**Instructions for the task:**
Repeat the data exactly. Pictures are not part of the copy.

**Collected data:**
•••

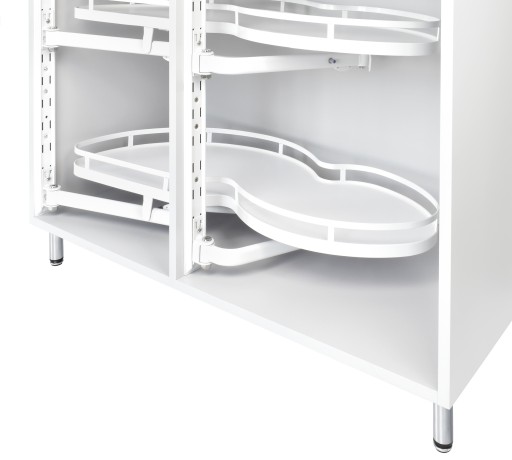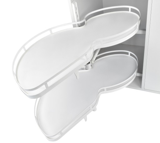 Kosze narożny typu nerka do szafek to praktyczne rozwiązanie, które pomaga w optymalnym wykorzystaniu przestrzeni, organizacji, łatwym dostępie do przechowywanych przedmiotów oraz poprawie wyglądu wnętrza szafki. Składa się dwóch niezależnie od siebie działających półek co pozwala maksymalnie wykorzystać przestrzeń w głębi szafki.
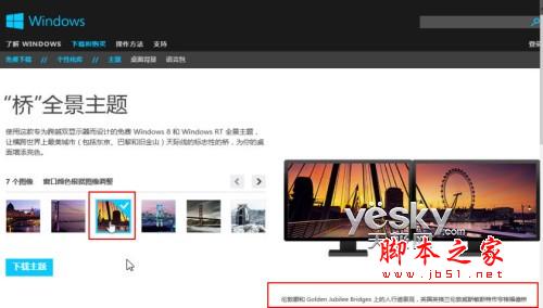 我们选择一个适合Windows 8和Windows RT系统的“‘桥’全景主题”【点击下载】,一般含有“全景”字样的大多都是双屏壁纸。微软官方Windows主题的详细介绍页面中会列出该主题中包含的壁纸,文字介绍、适合的Windows版本等信息,甚至可以在我们点击不同壁纸略缩图的时候在右边模拟显示出该图片在显示器中的效果。如下图所示,Win8全景主题可以在两个显示器中展示不同的拼接部分。
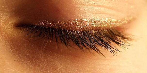 Make your eyes pop with a swipe of glitter eyeliner. To create a glam look that is not overdone, start with a basic black liquid liner, applied in a cat eye shape. Then, use the glitter eyeliner to trace a thin line across the top of the black liner. The glitter will draw attention to your eyes without looking too clown-like. Urban Decay carries a line of glitter eyeliners in a variety of colors. Experiment with gold, silver or any other neutral shade.
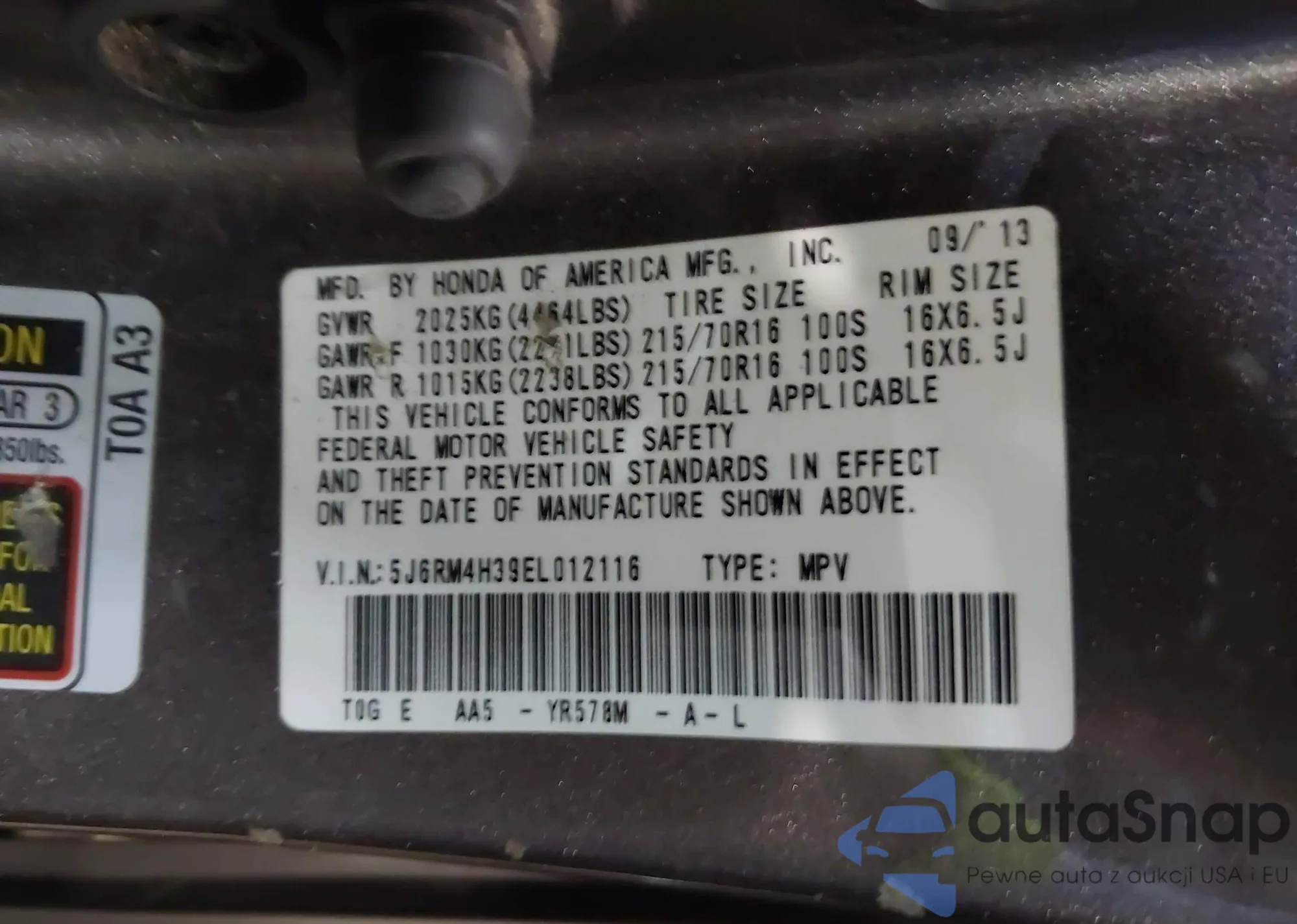 VIN: 5J6RM4H39EL012116

•••

**Written response:**
 Kosze narożny typu nerka do szafek to praktyczne rozwiązanie, które pomaga w optymalnym wykorzystaniu przestrzeni, organizacji, łatwym dostępie do przechowywanych przedmiotów oraz poprawie wyglądu wnętrza szafki. Składa się dwóch niezależnie od siebie działających półek co pozwala maksymalnie wykorzystać przestrzeń w głębi szafki.
 我们选择一个适合Windows 8和Windows RT系统的“‘桥’全景主题”【点击下载】,一般含有“全景”字样的大多都是双屏壁纸。微软官方Windows主题的详细介绍页面中会列出该主题中包含的壁纸,文字介绍、适合的Windows版本等信息,甚至可以在我们点击不同壁纸略缩图的时候在右边模拟显示出该图片在显示器中的效果。如下图所示,Win8全景主题可以在两个显示器中展示不同的拼接部分。
 Make your eyes pop with a swipe of glitter eyeliner. To create a glam look that is not overdone, start with a basic black liquid liner, applied in a cat eye shape. Then, use the glitter eyeliner to trace a thin line across the top of the black liner. The glitter will draw attention to your eyes without looking too clown-like. Urban Decay carries a line of glitter eyeliners in a variety of colors. Experiment with gold, silver or any other neutral shade.
 VIN: 5J6RM4H39EL012116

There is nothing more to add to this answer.